Beefy Boxes and Bandwidth Generously Provided by pair Networks
Your skill will accomplish
what the force of many cannot
 
PerlMonks  

Missing files & File::Find.pm

by sbas013 (Initiate)
on Feb 07, 2007 at 12:49 UTC ( [id://598748]=perlquestion: print w/replies, xml ) Need Help??

sbas013 has asked for the wisdom of the Perl Monks concerning the following question:

I have a problem~ette with File::Find. OS: MS Windows Server 2003 Enterprose x64 bit
Perl: v5.5.8 MSWin32-x64-multi-thread
File System: NTFS (952gb)
Q. I'm using File::Find quite happily until... my script (which works perfectly on other servers) stops prematurely for no apparent reason part way through the drive being examined. I picked this up because Windows Properties for e:\ told me there was 208GB used file space & I was only picking up some 30GB.

NB For files > 2GB I get the info using dos “DIR”, apologies for that?

Some of the file names encountered on the drive frankly bizarre!

I tried:-

(1) Running the script against the largest folder in the drive and again I was only seeing 178,610 files instead of the 252,115 files that IE told me were present.

(2) A small scripts that just counts the number of files in the projects folder found 204,257.

Both scripts are consistent in the number of files they find.

I get several warnings that "Can't cd to e:..." The filename displayed is always 293 characters in length.

Hopefully this is one for Sybil Fawlty who’s specialist subject is, “the bleeding obvious” but I just can’t see it. My Perl Cookbook makes no mention of large filenames/handles.

I have spent some time looking for a solution with no luck.

Any advice would be gratefully received.

Thanks,

Simon<BR

Replies are listed 'Best First'.
Re: Missing files & File::Find.pm
by Thelonius (Priest) on Feb 07, 2007 at 17:16 UTC
    Looking at the source code, it appears that the Windows Platform SDK defines PATH_MAX as 260, and that is more than 260 bytes long is going to cause problems.

    The chdir() in the Microsoft C run-time always does a GetCurrentDirectory() after a SetCurrentDirectory() and it will fail if the absolute path name is more than 260 bytes, even if no single directory name is that large.

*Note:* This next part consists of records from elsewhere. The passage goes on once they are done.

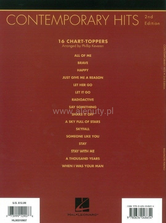 The Phillip Keveren Series: Contemporary Hits (Big-Note Piano) - 16 hitów - nuty na fortepian dla początkujących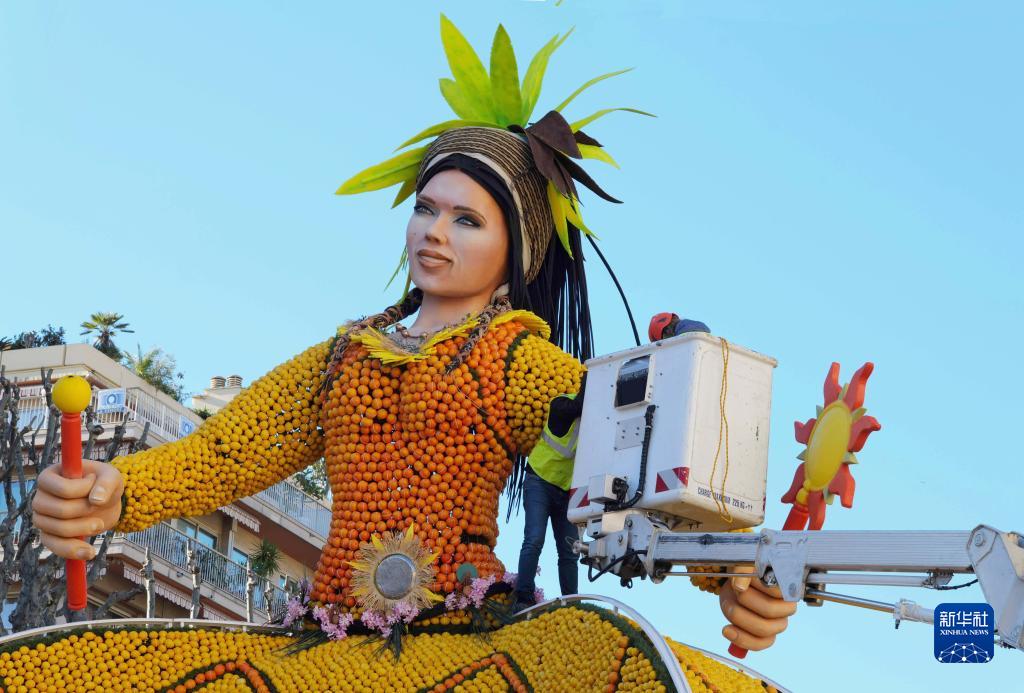 2月9日,工作人員在法國南部小城芒通裝飾檸檬節藝術(shù)裝置。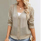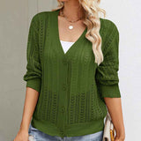Our cozy, long-sleeved women's cardigan will keep you comfortable and stylish with its soft crochet knit construction, open front, v-neck, and button-up closure. Perfect for a day out or evening in.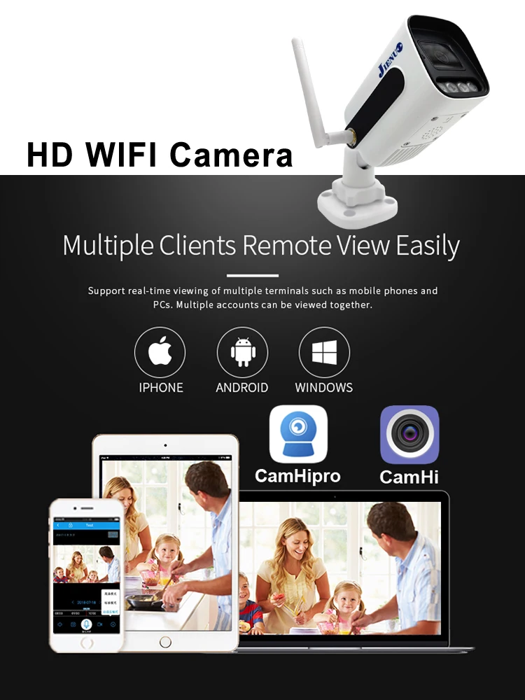 See everything in details with true HD. Get clearer and sharper images/videos than other wifi ip camera. With exceptional night vision, you can see clearly even in the dark. Day or night, indoors, JIENUO won't stop protecting you. You can also check whether your baby is having a sweet dream at night on your mobile phones
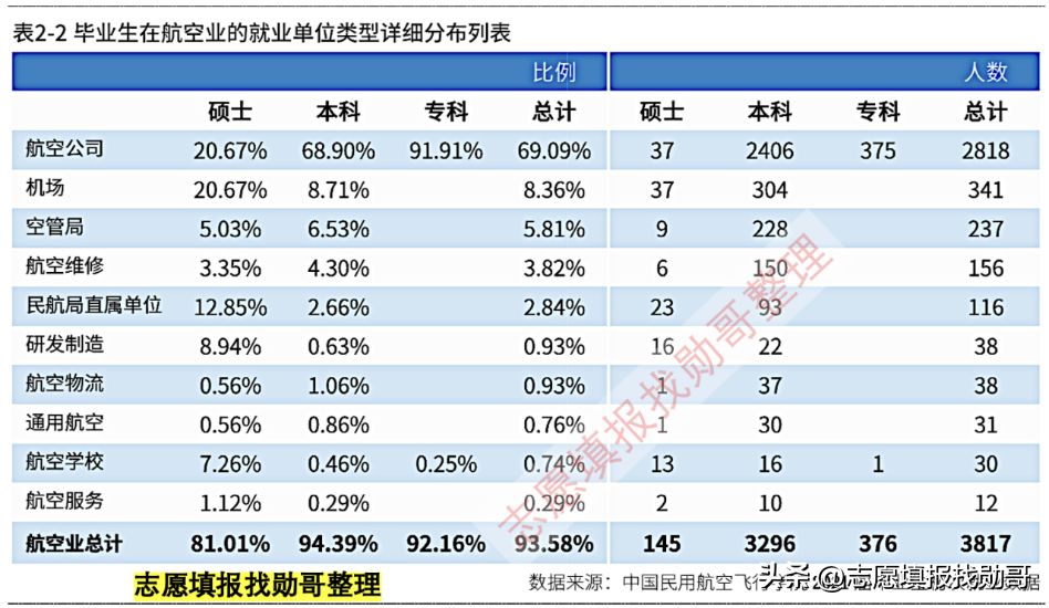 本科进入航空业占比94.39%,每个学院,每个专业都有详细的就业数据,更重要的是都有进入航空业的详细数据!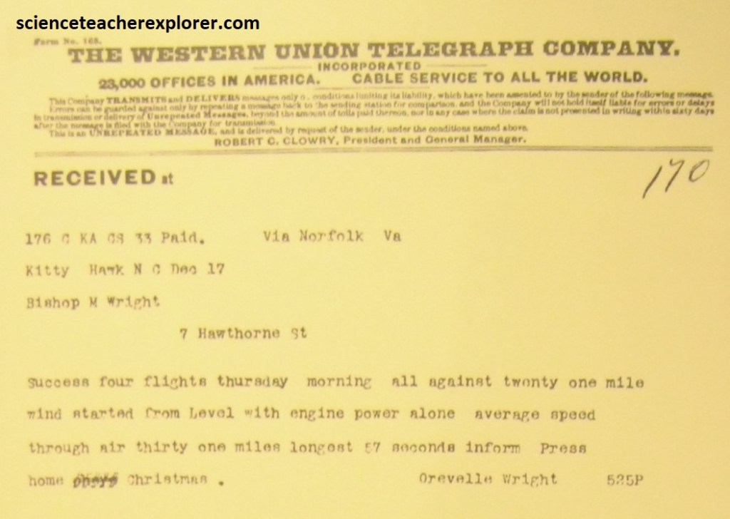 As mentioned, Wilbur and Orville make a total of four flights on December 17th, 1903. They carry the flyer back to camp. In a sudden gust of wind the flyer flips and is damaged beyond repair. Later Wilbur and Orville walk 4 miles (6.44km) to the Kitty Hawk Weather Station and send the above telegram home to their sister about their success. The temperature that day was dry, cold with a wind-chill of less than zero. The wind was a 27 mile-per-hour headwind (43.5km/hr).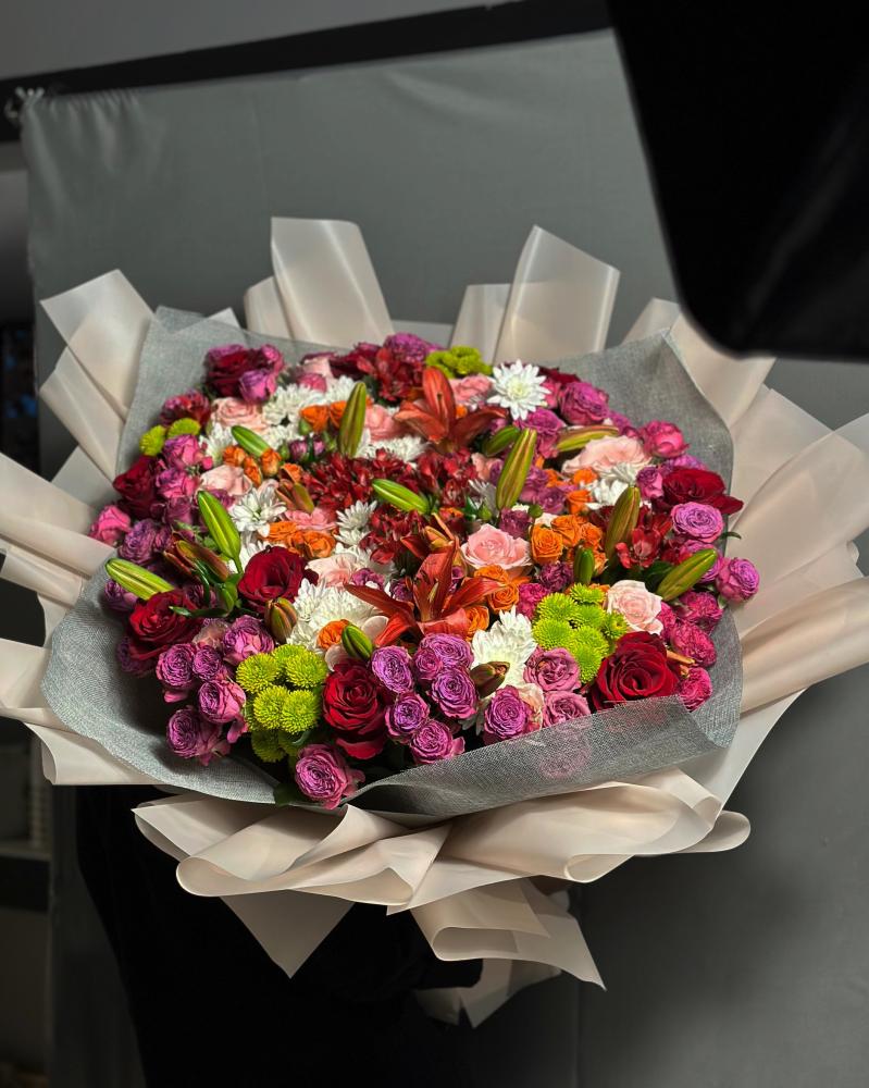 هذه الباقة لا تعبّر فقط عن الذوق الرفيع، بل تمنح لحظاتك لمسة ساحرة وتعبّر عن أسمى مشاعرك بكلمات صامتة من الزهور.

    There might also be a bug in Perl or the C run-time so that a path name that large overwrites a buffer causing the file names to appear very weird (this is just speculation).

    You might be able to get File::Find to work using the "no_chdir" option-- see the File::Find documentation.

      Oh no - RTFM! I was a bit sceptical that I would get ANY replies thinking File::Find was just too boring for someone to show any interest. That's put me in my place.
      I will try the no_chdir option & see how I get on. If this doesn't work I will be forced to have a look at wsh / vb, what a shame!
      Thanks for the pointer, very much appreciated.
      Cheers,
      Simon

      Note that you can circumvent the PATH_MAX limit by using UNC filenames, as discussed in the CreateFile documentation by Microsoft. Some short testing shows that not changing the directory seems to work:

      perl -MFile::Find -le "for $d (@ARGV) {print qq(Scanning $d);find({no_ +chdir=>1, wanted=>sub{print $File::Find::name}},$d)}" \\?\Q:\ Q:\

      Without the no_chdir option, scanning the first entry (\\?\Q:\) fails immediately.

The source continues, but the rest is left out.